Transcriptome-Wide Analyses Identify Dominant as the Predominantly Non-Conservative Alternative Splicing Inheritance Patterns in F1 Chickens

Transcriptome analysis has been used to investigate many economically traits in chickens; however, alternative splicing still lacks a systematic method of study that is able to promote proteome diversity, and fine-tune expression dynamics. Hybridization has been widely utilized in chicken breeding due to the resulting heterosis, but the dynamic changes in alternative splicing during this process are significant yet unclear. In this study, we performed a reciprocal crossing experiment involving the White Leghorn and Cornish Game chicken breeds which exhibit major differences in body size and reproductive traits, and conducted RNA sequencing of the brain, muscle, and liver tissues to identify the inheritance patterns.

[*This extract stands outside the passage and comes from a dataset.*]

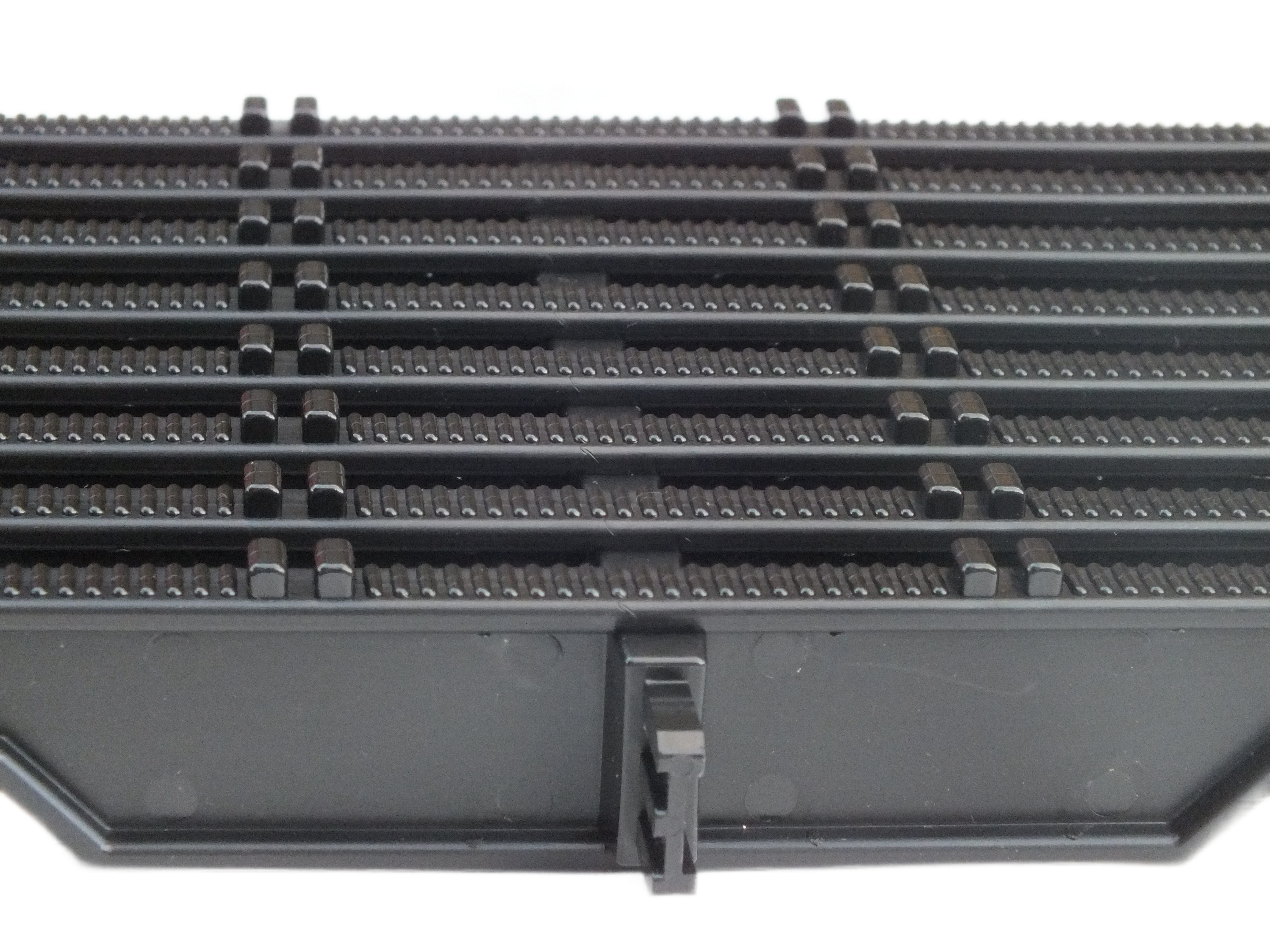 Решётка с фиксаторами разработана для интеграции керамогранитной облицовки в системы щелевого водоотвода. Конструкция решётки предусматривает наличие четырёх фиксирующих элементов, предназначенных для надёжной фиксации трёх полос керамогранитной плитки. Данная конфигурация формирует четыре водоприёмные щели, обеспечивающие эффективный отвод воды в дренажный лоток.

A total of 40 515 and 42 612 events were respectively detected in the brain and muscle tissues, with 39 843 observed in the liver; 2807, 4242, and 4538 events significantly different between two breeds were identified in the brain, muscle, and liver tissues, respectively. The hierarchical cluster of tissues from different tissues from all crosses, based on the alternative splicing profiles, suggests high tissue and strain specificity. Furthermore, a comparison between parental strains and hybrid crosses indicated that over one third of alternative splicing genes showed conserved patterns in all three tissues, while the second prevalent pattern was non-additive, which included both dominant and transgressive patterns; this meant that the dominant pattern plays a more important role than suppression. Our study provides an overview of the inheritance patterns of alternative splicing in layer and broiler chickens, to better understand post-transcriptional regulation during hybridization.